12. Use within two weeks prior to baseline of: 1) topical ophthalmic corticosteroid, 2)
topical corticosteroid, or 3) medications which may prolong bleeding time (per
investigator discretion and primary care physician approval to discontinue use for
surgery).
13. Use within one month prior to baseline of: 1) systemic corticosteroid, 2) high-dose
salicylate therapy, or 3) topical ophthalmic prostaglandin analogs, e.g., bimatoprost,
latanoprost or travoprost.
14. Use within six months prior to baseline of intravitreal or subtenon injection of
ophthalmic corticosteroid.
15. Underwent within six months prior to baseline any complicated intraocular surgery or
repeat ocular surgeries (e.g., cataract surgery).
16. Underwent within twelve months prior to baseline: refractive surgery, filtering
surgery or laser surgery for IOP reduction.

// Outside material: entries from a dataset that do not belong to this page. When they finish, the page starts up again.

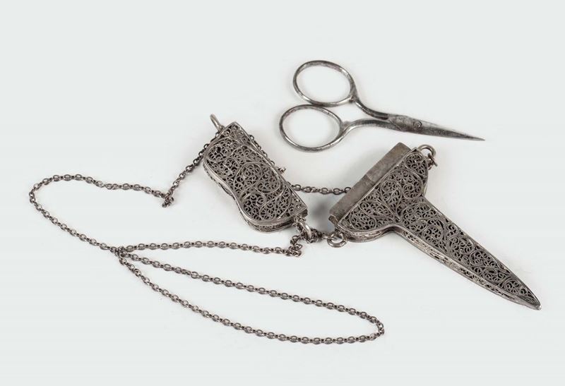A silver filigree box with scissors inside, Genoa 19th century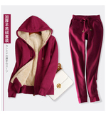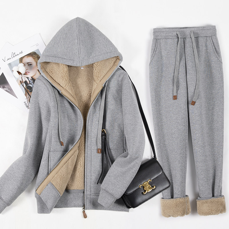 Утепленный спортивный костюм, комплект, лонгслив с капюшоном, куртка, штаны, простой и элегантный дизайн, по фигуре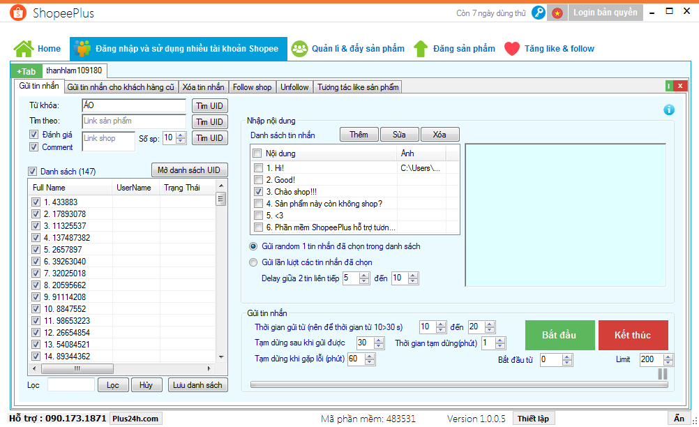 PHẦN MỀM GỬI TIN NHẮN CHO KHÁCH HÀNG SHOPEE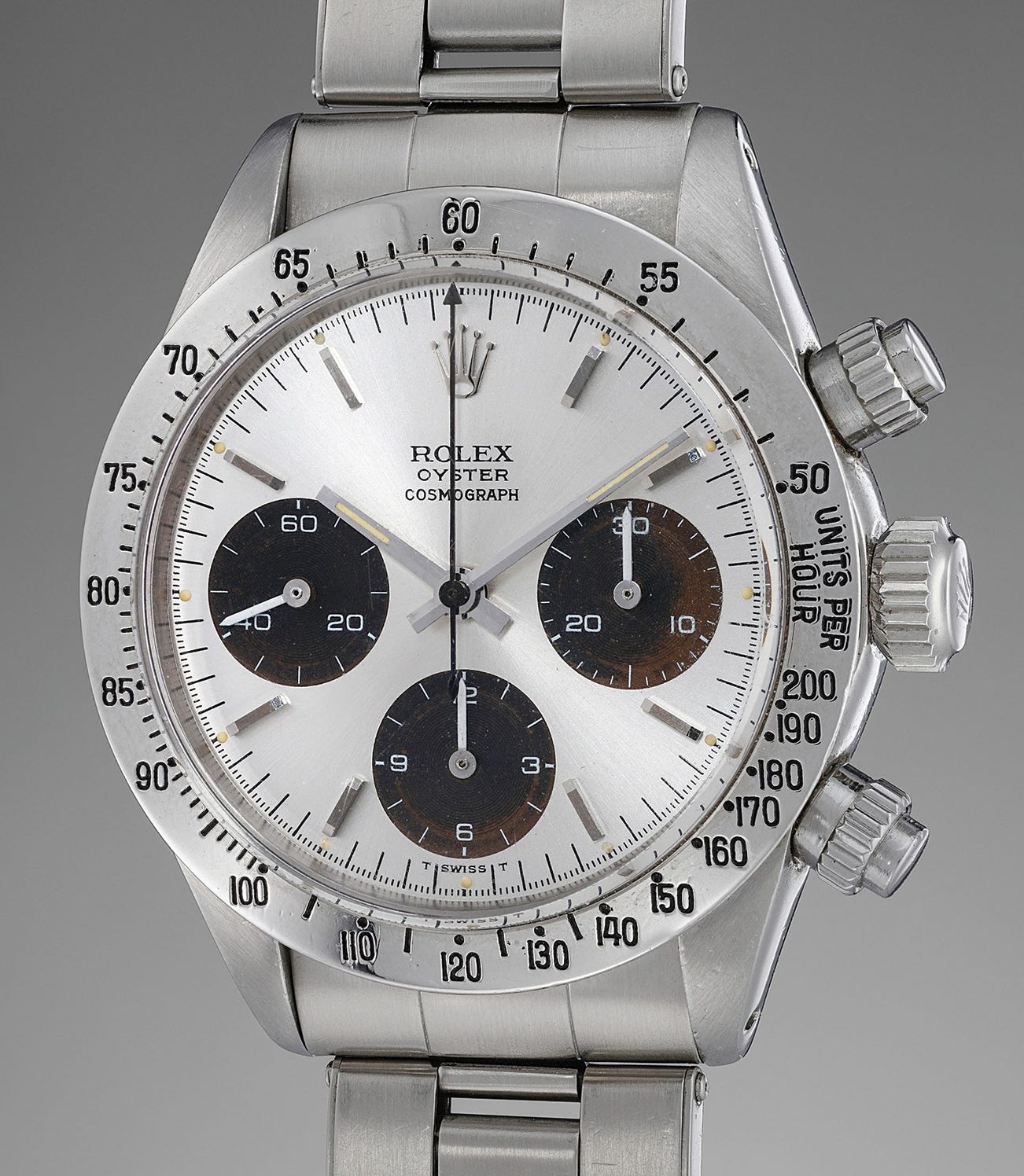 Displaying a dial that has toned down to a rich tobacco tone, this reference 6265 is preserved in excellent condition. While each subsidiary register has aged slightly differently, it gives the watch a very charismatic, singular and unmistakably honest appearance. Still retaining its original Mk 2 pushers, the case is crisp and sharp. As with early generation reference 6265s, the inside case back displays 6262 as Rolex used leftover casebacks from earlier Cosmographs.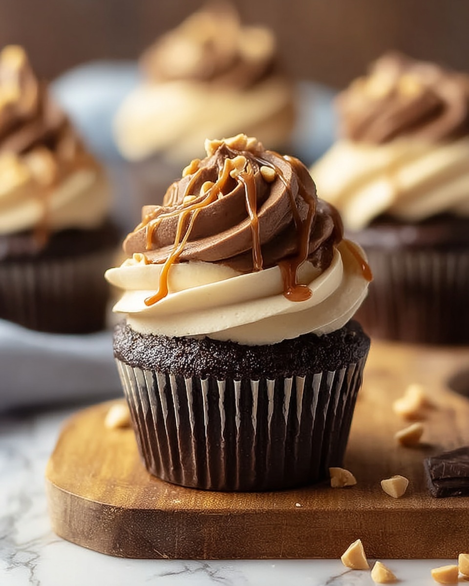 Sprinkling chopped Reese’s peanut butter cups adds a playful visual and textural contrast that makes the cupcakes irresistible. You could also try a dusting of cocoa powder or a few mini chocolate chips to elevate the presentation further.
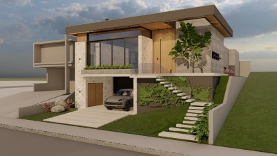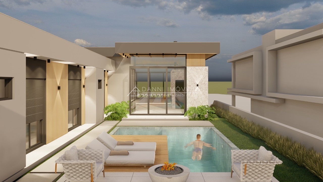 Descrição › CASA NO CONDOMÍNIO LAND HAUS, com excelente orientação solar e com 233,45m2,esta Casa conta 3 quartos, sendo 1 Suíte Principal e 2 Americanas, garagem para 2 carros, Lavabo, Área de Serviço separada, pátio com espera para piscina, ambientes sociais integrados com espaço gurmet e área para futura Adega.
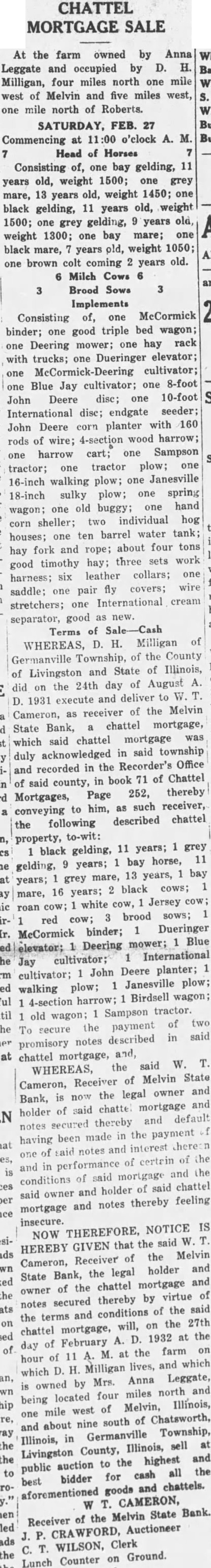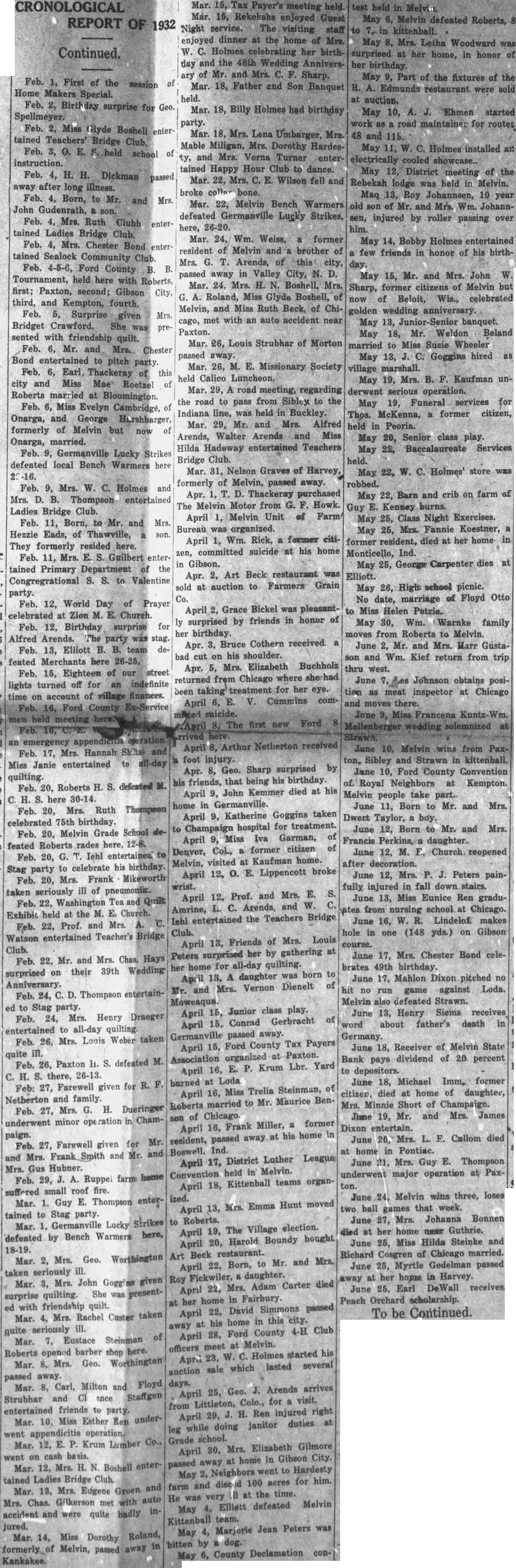 Feb. First of the session of Home Makers Special. Feb. 2, Birth day surprise for Geo. Spellmeyer. Feb. 2, Miss Glyde Boshell tained Teachers' Bridge Club. Feb. 3, held school of instruction. Feb. 4, H. H. Dickman passed away after long illness. Feb. 4, Born, to Mr. and Mrs. John Gudenrath, son. Feb. Mrs. Ruth Clubb entertained Ladies Bridge Club. Feb. 4, Mrs. Chester Bond tained Sealock Community Club. Feb. 4-5-6, Ford County B B. Tournament, held here with Roberts, first; Paxton, second; Gibson City, third, and Kempton, fourth. Feb. 5, Surprise given Mrs. Bridget Crawford. She was presented with friendship quilt. Feb. 6, Mr. and Mrs. Chester Bond entertained to pitch party Feb. 6, Earl, Thackeray of this city and Miss Mae Roetzel of Roberts married at Bloomington. Feb. 6, Miss Evelyn Cambridge, of Onarga, and George Hurshbarger, formerly of Melvin but now of Onarga, married. Feb. Germanville Lucky Strikes defeated local Bench Warmers here Feb. 9, Mrs. W. C. Holmes and Mrs. D. B. Thompson entertained Ladies Bridge Club. Feb. 11, Born, to Mr. and Mrs. Hezzie Eads, of Thawville, son. They formerly resided here. Feb. 11, Mrs. Guilbert in tained Primary Department of the Congregrational S. S. to Valentine party. Feb. 12, World Day of Prayer celebrated at Zion M. E. Church. Feb. 12, Birthday surprise for Alfred Arends. The party was stag. Feb. 13, Elliott B. B. team defeated Merchants here 26-25. Feb. 15, Eighteen of our street lights turned off for an indefinite time on account of village finances. Feb. 16, Ford County men held meeting an Feb. 17, Mrs. Hannah and Miss Janie entertained to all-day quilting. Feb. 20, Roberts H. defeated C. H. S. here 30-14. Feb. 20, Mrs. Ruth Thompson celebrated 75th birthday. Feb. 20, Melvin Grade School feated Roberts rades here, 12-8. Feb. 20, Iehl entertained to Stag party to celebrate his birthday. Feb. 20, Mrs. Frank Mikeworth taken seriously ill of pneumonia. Feb. 22, Washington Tea and Quilt Exhibit held at the M. E. Church. Feb. 22, Prof. and Mrs. A. Watson entertained Teacher's Bridge Club. Feb. 22, Mr. and Mrs. Chas. Hays their 39th Wedding surprised on Anniversary. Feb. 24, Thompson entertained to Stag party. Feb. 24, Mrs. Henry Draeger entertained to all-day quilting. Feb. 26, Mrs. Louis taken quite ill. Feb. 26, Paxton H. S. defeated M. C. H. S. there, 26-13. Feb: 27, Farewell given for Netherton and family. Mrs. G. H. Dueringer Feb. 27, son underwent minor operation in Champaign. Feb. 27, Farewell given for Mr. and Mrs. Frank Smith and Mr. and Mrs. Gus Hubner. Feb. 29, J. A. Ruppel farm home suffered small roof fire. ized. Mar. 1. Guy E. Thompson entertained to Stag party. to Mar. 1, Germanville Lucky Strikes defeated by Bench Warmers here, 18-19. Art Mar. 2, Mrs. Geo. Worthington taken seriously ill. Mar. 3, Mrs. John Goggins given She was presentsurprise quilting. ed with friendship quilt. Mar. 4, Mrs. Rachel Custer taken quite seriously ill. of Mar. 7, Eustace Steinman Roberts opened barber shop here. Mar. 8, Mrs. Geo. Worthington passed away Mar. 8, Carl, Milton and Floyd Strubhar and CI ence Staffgen entertained friends to party. underMar. 10, Miss Esther Ren went appendicitis operation. Mar. 12, E. Krum Lumber Co., went on cash basis. Mar. 12. Mrs. H. Boshell entertained Ladies Bridge Club. Mar. 13, Mrs. Eugene Groen and Mrs. Chas. Gilkerson met with auto accident and were quite badly injured. Mar. 14, Miss Dorothy Roland, in formerly of Melvin, passed away Kankakee.

17. History or presence of significant alcoholism or drug abuse in the past one year.
18. History or presence of significant smoking (more than 20 cigarettes or any other
equivalent tobacco product/day).
19. History of hematologic disorders other than mild anemia.
20. Severe, unstable, or uncontrolled cardiovascular or pulmonary disease.
21. Therapy with an investigational agent within the past 30 days prior to screening.
22. Clinically significant hematologic and / or biochemical abnormalities based on
laboratory testing.
23. Subjects who are in the investigator's best judgment at risk of visual field or visual
acuity worsening as a consequence of participation in trial.
24. Use of any prescribed medication during last two weeks or OTC medicinal products
during the last one week preceding the first dosing that results in drug-drug
interaction with the study drug.
25. Major illness, as per investigator discretion, during 3 months before screening.
26. Subjects who are employees of site or CRO or sponsor or immediate family of employees.